A posição de segundo lugar ocupada pelo setor saúde na Grã-Bretanha na geração de empregos públicos, bem próxima ao setor de educação, que ocupa a primeira posição, reflete a consolidação do já mencionado sistema universal de saúde inglês. A situação particular da França merece destaque. Considerando que foram gerados, entre 1951 e 1981, quase três milhões de empregos públicos no país, sendo praticamente um terço só na saúde (um milhão, conforme Tabela 1), é possível constatar a importância da expansão da cobertura de seguro saúde pelo Estado francês ocorrida no período. Essa expansão, segundo Rose (1985), vai além de questões mais gerais como mudanças na composição demográfica da população (aumento do número de pessoas acima de sessenta anos) e interações entre

demanda e oferta. O autor destaca dois fatores específicos que teriam contribuído para a expansão das políticas de saúde no país. Primeiro, o desenvolvimento dos serviços de saúde estava alinhado com os planos do governo francês de promoção do crescimento econômico. Segundo, foram implementadas importantes reestruturações no cuidado em saúde, como as reformas de 1958, que tornaram mais fácil, para os hospitais não administrados pelas autoridades locais, tratar pacientes cujo único seguro fosse o de saúde obrigatório. Além disso, essas reformas ampliaram recursos para a formação e pagamento dos médicos.
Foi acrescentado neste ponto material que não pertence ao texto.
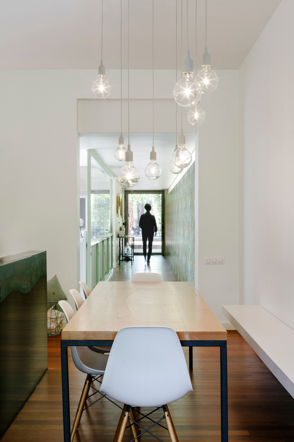Girovagare per la casa è diventato davvero piacevole: una carta da parati verde nella lunga sala d'ingresso riflette la natura esterna sul suo schema grafico. Linda, Philippe ed i loro tre figli possono ora godere appieno del giardino: l'ispirazione principale e la parte centrale del design

Percebe-se que mesmo países que não construíram sistemas públicos de saúde universais, como os Estados Unidos e Alemanha, apresentaram crescimento do número de empregos no setor. No que diz respeito especificamente à realidade americana, é possível explicar esse fenômeno em parte pelo desenvolvimento dos programas já mencionados (medicaid e medicare). No entanto, nota-se a distância do saldo obtido no emprego público em saúde em relação à área de educação, setor no qual o país realmente se destaca pela oferta universal de serviços. E, em termos percentuais, o indicador de emprego público em saúde nos Estados Unidos era bem menor do que a média europeia.

Gimenez (2001), com base nas ideias de Rose (1985), conclui que o crescimento do emprego público seria um fenômeno generalizado na maior parte dos países capitalistas avançados, apresentando variações quanto ao formato e à intensidade do aumento. A expansão da oferta de serviços, particularmente a consolidação de sistemas de saúde intensivos em mão-de-obra na maioria desses países, teria contribuído de forma significativa para esse fato.